**Exercise requirements**: Using the data that follows, output only the lines from the line with "8 mm black onyx with carved bands" up to and including the line with "winCam offers automatic", exactly, leaving pictures aside.

**Records for processing**:
- - -

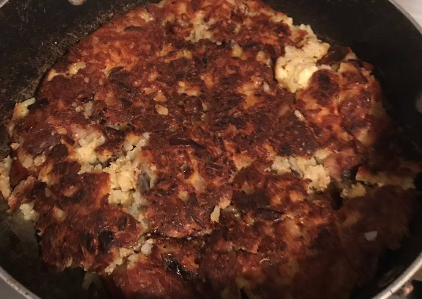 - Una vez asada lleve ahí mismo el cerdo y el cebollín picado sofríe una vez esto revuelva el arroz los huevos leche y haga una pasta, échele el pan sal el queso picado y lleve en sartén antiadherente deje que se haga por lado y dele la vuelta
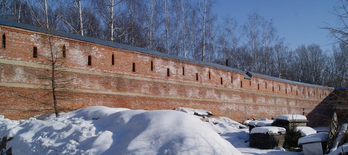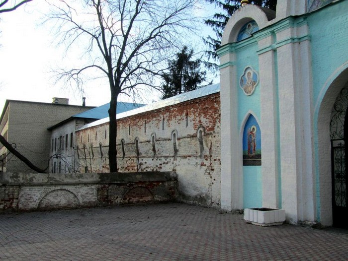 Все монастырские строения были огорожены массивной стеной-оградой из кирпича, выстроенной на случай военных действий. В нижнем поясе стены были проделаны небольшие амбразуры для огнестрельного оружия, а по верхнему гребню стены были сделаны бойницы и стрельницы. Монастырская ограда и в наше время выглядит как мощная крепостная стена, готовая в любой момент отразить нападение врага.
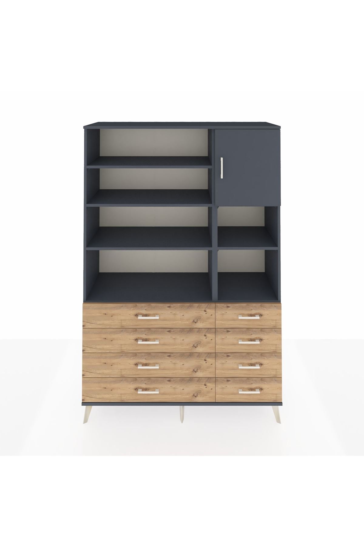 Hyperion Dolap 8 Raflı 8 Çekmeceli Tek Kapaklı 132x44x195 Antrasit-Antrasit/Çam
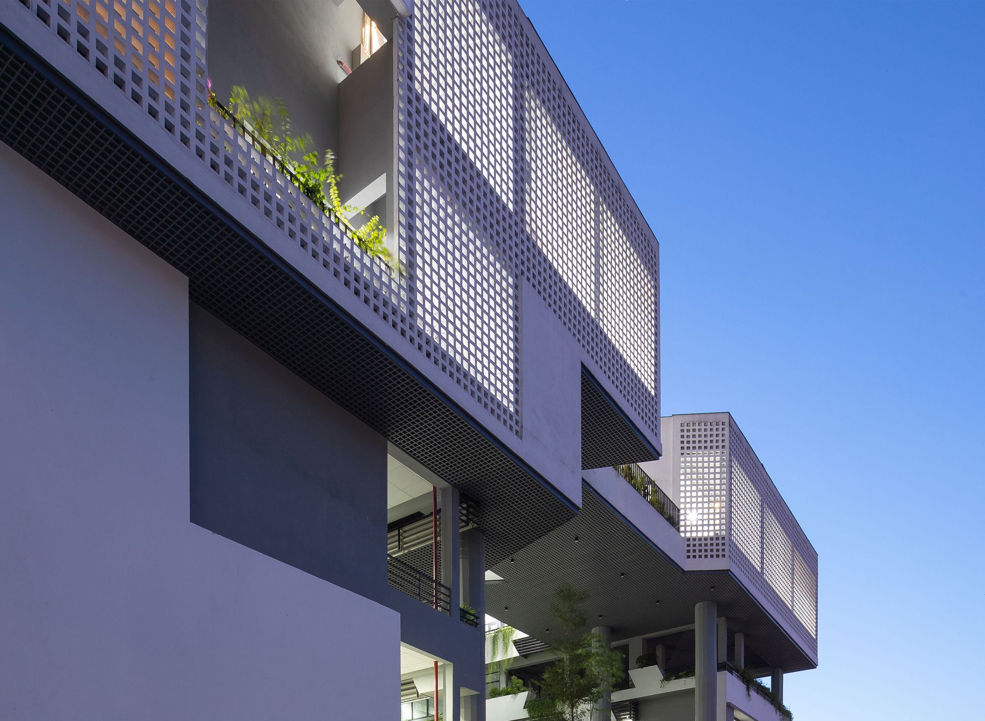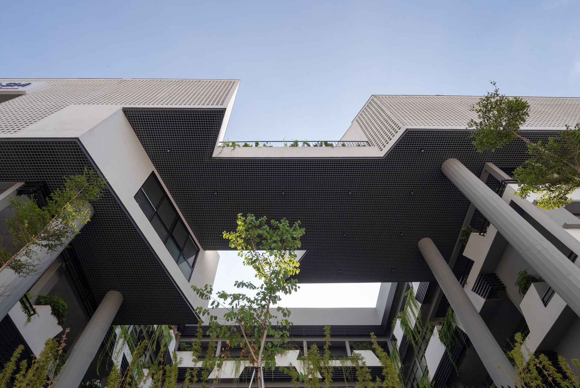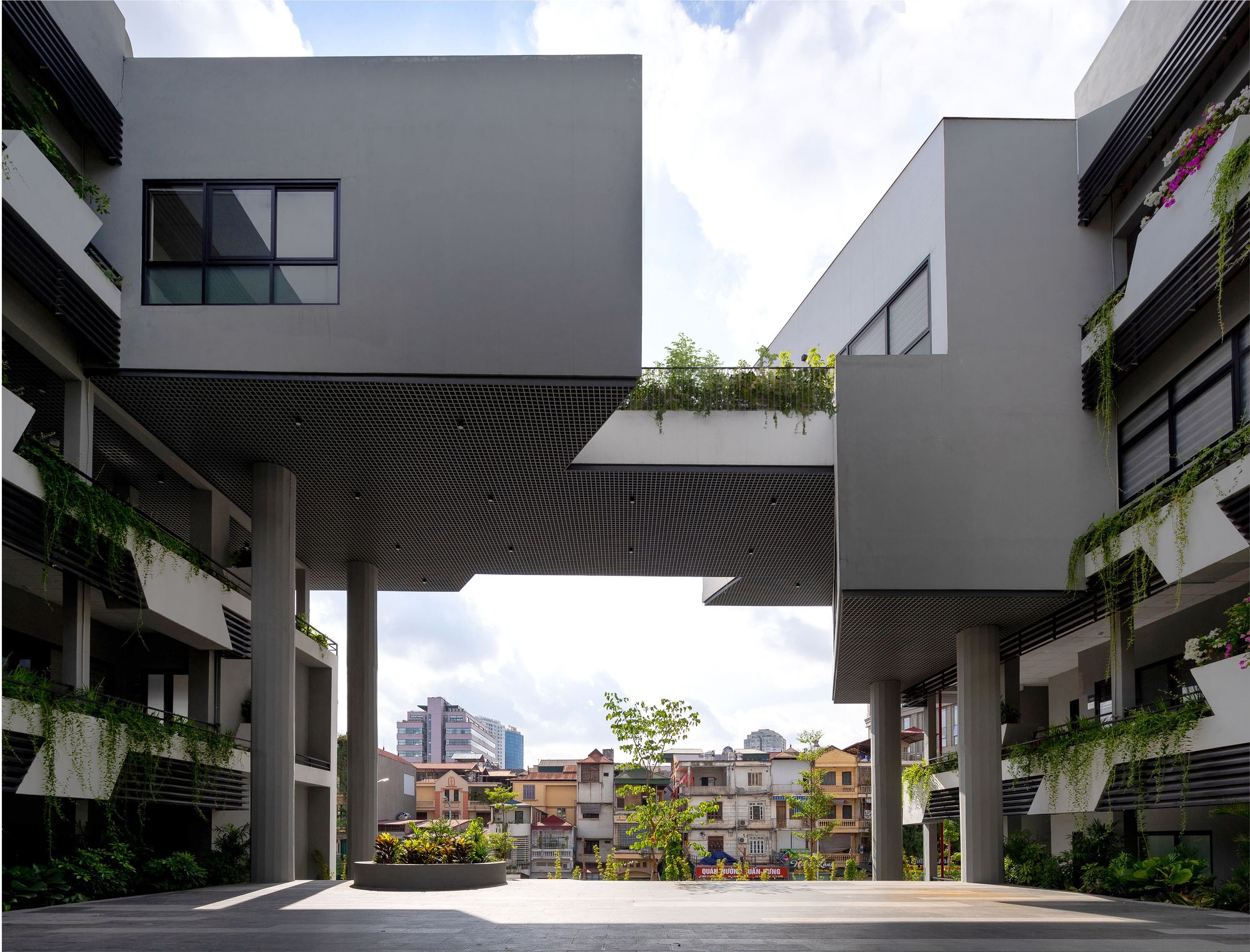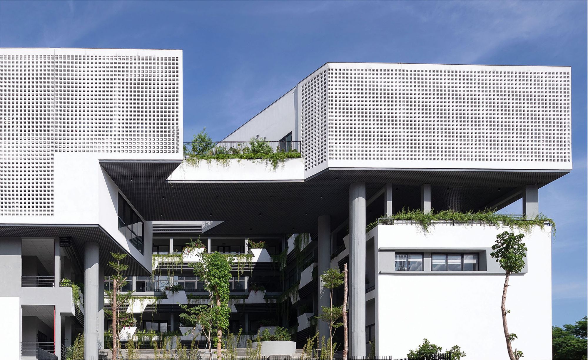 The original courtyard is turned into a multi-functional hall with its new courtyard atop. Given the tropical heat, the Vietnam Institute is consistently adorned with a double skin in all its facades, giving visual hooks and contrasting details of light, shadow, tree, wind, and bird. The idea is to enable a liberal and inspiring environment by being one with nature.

- - -

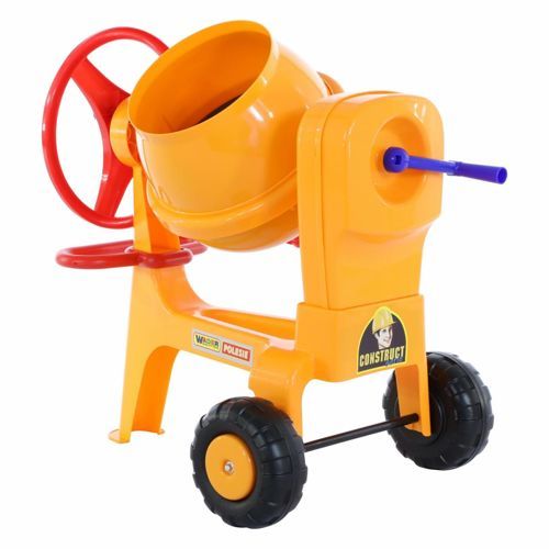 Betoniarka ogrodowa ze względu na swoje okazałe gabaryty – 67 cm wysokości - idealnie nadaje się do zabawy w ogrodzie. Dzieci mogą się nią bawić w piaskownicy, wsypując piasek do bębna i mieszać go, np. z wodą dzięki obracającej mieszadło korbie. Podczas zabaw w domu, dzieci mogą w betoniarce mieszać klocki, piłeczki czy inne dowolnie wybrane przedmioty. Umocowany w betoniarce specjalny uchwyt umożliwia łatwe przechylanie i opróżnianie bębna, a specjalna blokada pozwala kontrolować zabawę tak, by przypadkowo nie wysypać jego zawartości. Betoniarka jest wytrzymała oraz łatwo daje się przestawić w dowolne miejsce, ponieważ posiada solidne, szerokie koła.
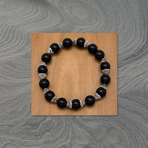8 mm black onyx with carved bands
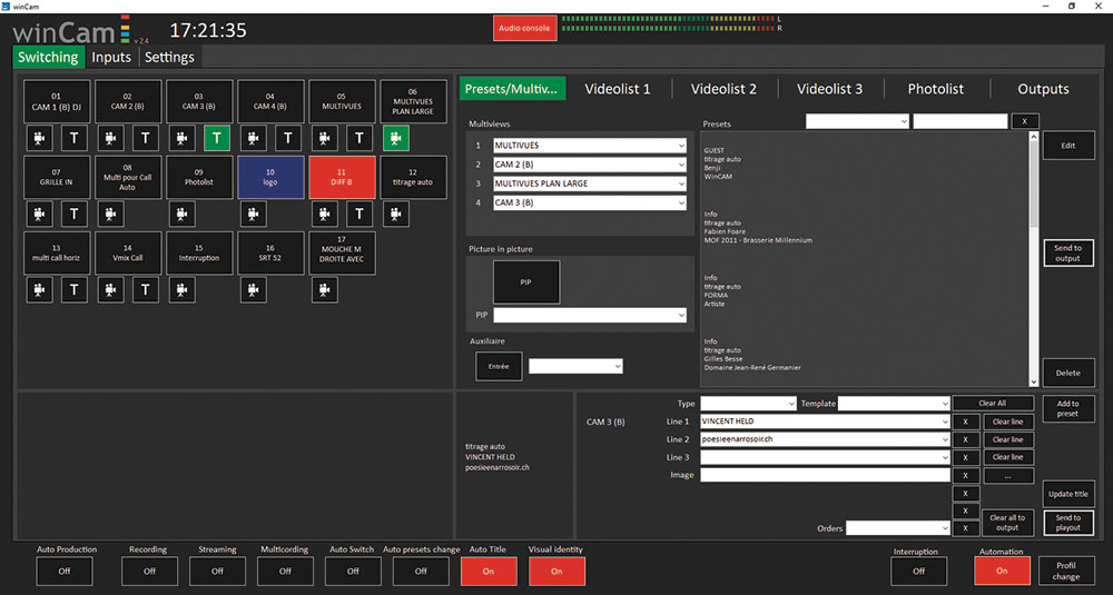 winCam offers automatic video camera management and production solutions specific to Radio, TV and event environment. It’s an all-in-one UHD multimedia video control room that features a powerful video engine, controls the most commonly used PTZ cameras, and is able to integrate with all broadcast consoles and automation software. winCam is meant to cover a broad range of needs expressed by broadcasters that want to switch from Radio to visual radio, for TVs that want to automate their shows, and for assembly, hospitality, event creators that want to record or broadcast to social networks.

- - -

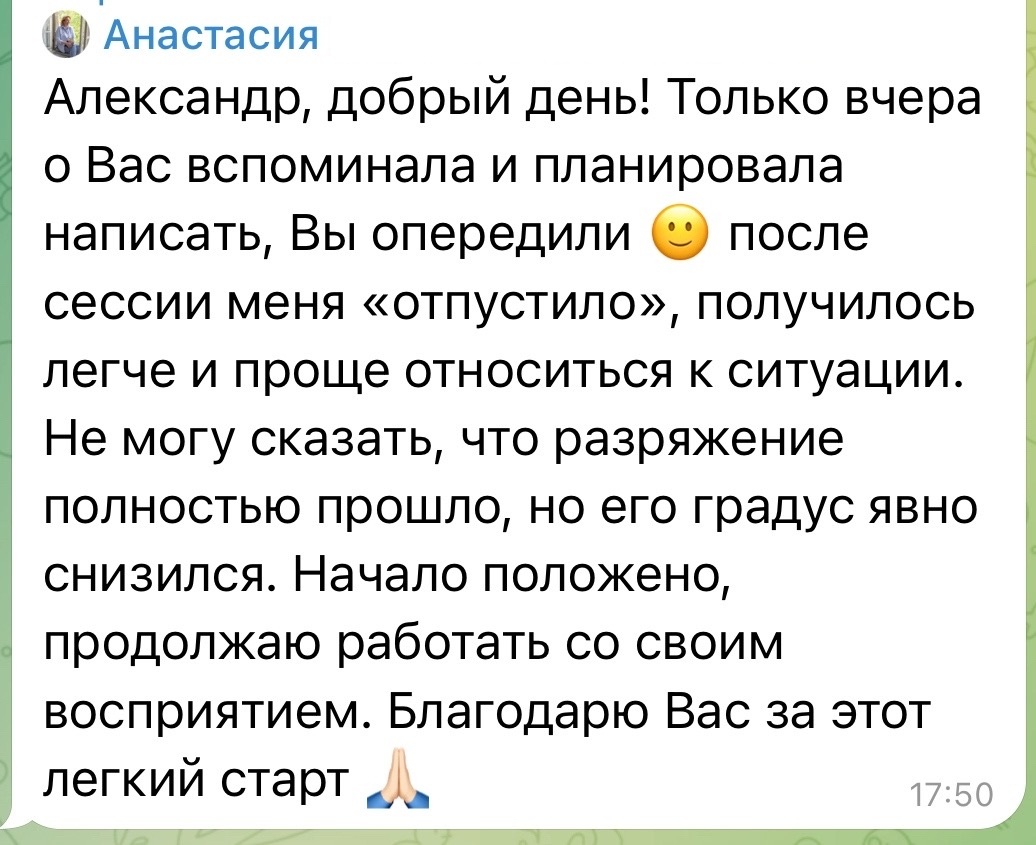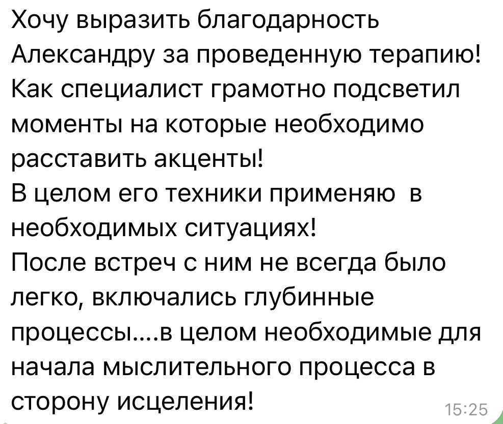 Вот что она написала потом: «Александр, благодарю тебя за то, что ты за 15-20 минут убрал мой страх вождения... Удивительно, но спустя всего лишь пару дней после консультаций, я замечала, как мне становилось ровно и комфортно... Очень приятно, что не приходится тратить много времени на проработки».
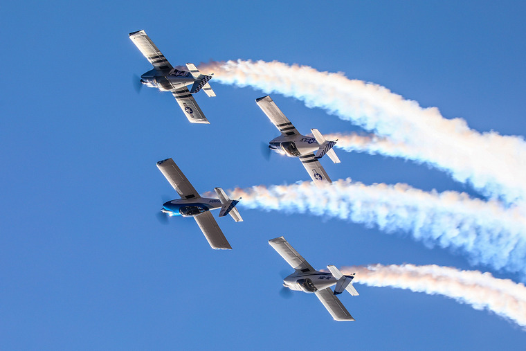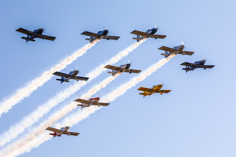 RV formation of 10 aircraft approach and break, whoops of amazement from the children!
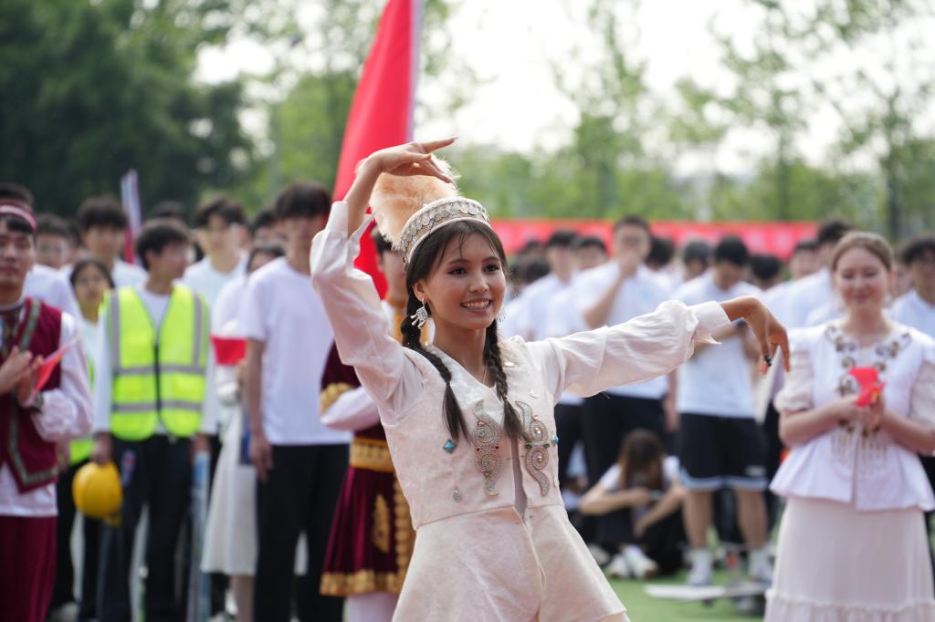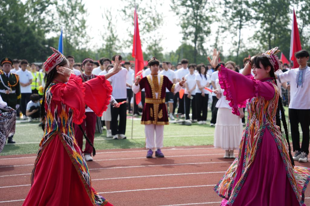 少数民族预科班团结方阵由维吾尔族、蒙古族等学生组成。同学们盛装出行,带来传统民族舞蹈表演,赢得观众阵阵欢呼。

- - -

**Response area**:
8 mm black onyx with carved bands
 winCam offers automatic video camera management and production solutions specific to Radio, TV and event environment. It’s an all-in-one UHD multimedia video control room that features a powerful video engine, controls the most commonly used PTZ cameras, and is able to integrate with all broadcast consoles and automation software. winCam is meant to cover a broad range of needs expressed by broadcasters that want to switch from Radio to visual radio, for TVs that want to automate their shows, and for assembly, hospitality, event creators that want to record or broadcast to social networks.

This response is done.